Но еще долго все, что было в нации благородного и достойного уважения, таращило друг на друга глаза, не понимая, сон это или театральное представление, и стараясь найти во взгляде соседа объяснение сего странного события.
Первым опомнился генеральный инспектор армии. По его распоряжению выступлением еще одного оратора торжества незаметно были закончены, итальянские легионеры погребены, крышка от гроба зборовского солдата поднята и прибита, а гроб под усиленной охраной солдат и полиции доставлен в полицейское управление для тщательного освидетельствования.
Публика стала расходиться. Офицеры сумрачно шагали впереди отрядов, а солдаты, весело подталкивая друг друга, перешептывались — вот потеха! — и строили догадки — кто ж это мог выкинуть такую штуку? Барышни в национальных костюмах перед зеркальцами поправляли прически и говорили, что затея была сказочно шикарной, жаль только, что они находились слишком далеко и ничего не слышали. Но те, кто все видел и слышал, уходили в таком смятении, словно их стукнули по темени чем-то тяжелым, и только вдали от площади мысли этих людей стали проясняться.
Представители научного мира, то есть ученая коллегия университета и политехнического института, возвращались группой, как бы образуя в ней отдельные космогонические системы, где светила поменьше вращались около своих собственных солнц. На лицах играли снисходительные улыбки. Ученые мужи делали вид, что им давно все было известно. «Ну, а ваше мнение, коллега? — лукаво подтрунивали они друг над другом и отвечали с еще более лукавой улыбкой: — Все ясно как день! Ну, а что думаете вы, коллега?» Однако больше ничего не было сказано. Ибо здесь таилась опасность подорвать авторитет всемогущей науки.

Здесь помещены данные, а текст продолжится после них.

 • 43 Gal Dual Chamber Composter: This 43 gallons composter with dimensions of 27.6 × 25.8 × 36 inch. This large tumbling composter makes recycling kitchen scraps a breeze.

Но если в научных кругах наблюдалось лишь возбуждение, то в правительстве и дипломатическом мире царила растерянность. Члены правительства направились к ратуше, чтобы дождаться телефонных сообщений из полицейского управления. Депутаты уже собрались и группками в два-три человека прохаживались по красным коврам. Как объяснить происшествие? Повлияет ли оно на политику? Какое мнение сложится за границей? Как это отразится на валюте? Но самое главное — не повлечет ли это за собой кризис правительства? Было сделано несколько попыток составить собственное мнение, опираясь на соображения иностранных послов, и в первую очередь французского. Но иностранные дипломаты пристально рассматривали висевшие на стенах средневековые портреты пражских бургомистров. Лица дипломатов были непроницаемы, и вокруг них словно образовалось леденящее дыхание безвоздушное пространство, которое невозможно преодолеть.

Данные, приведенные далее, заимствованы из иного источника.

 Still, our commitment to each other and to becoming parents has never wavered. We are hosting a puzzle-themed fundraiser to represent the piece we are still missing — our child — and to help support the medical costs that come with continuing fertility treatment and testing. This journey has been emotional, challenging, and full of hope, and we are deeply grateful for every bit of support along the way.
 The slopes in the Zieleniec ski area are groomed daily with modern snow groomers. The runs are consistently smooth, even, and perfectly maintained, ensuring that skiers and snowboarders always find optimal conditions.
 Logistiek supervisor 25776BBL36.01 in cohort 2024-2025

В кабинете отца города собрались министры, ожидая телефонного звонка из полицейского управления. Наконец, телефон зазвонил. Воцарилась мертвая тишина. Директор полиции сообщал, что осмотр гроба был произведен в его присутствии. Гроб оказался совершенно нетронутым, а крышка прибита гвоздями. Внутри, помимо двух-трех комков глины, уже направленных на химический анализ, была обнаружена кучка костей, освидетельствованных судебными медиками. Большая часть костей принадлежала человеку в возрасте от двадцати пяти до тридцати лет, и с уверенностью можно констатировать, что они пролежали в земле около пяти лет, то есть с начала июля тысяча девятьсот семнадцатого года. Об одной ключице, оказавшейся лишней, пока нельзя сказать ничего определенного, но лежащий там же обломок тазовой кости бесспорно является частью женского скелета.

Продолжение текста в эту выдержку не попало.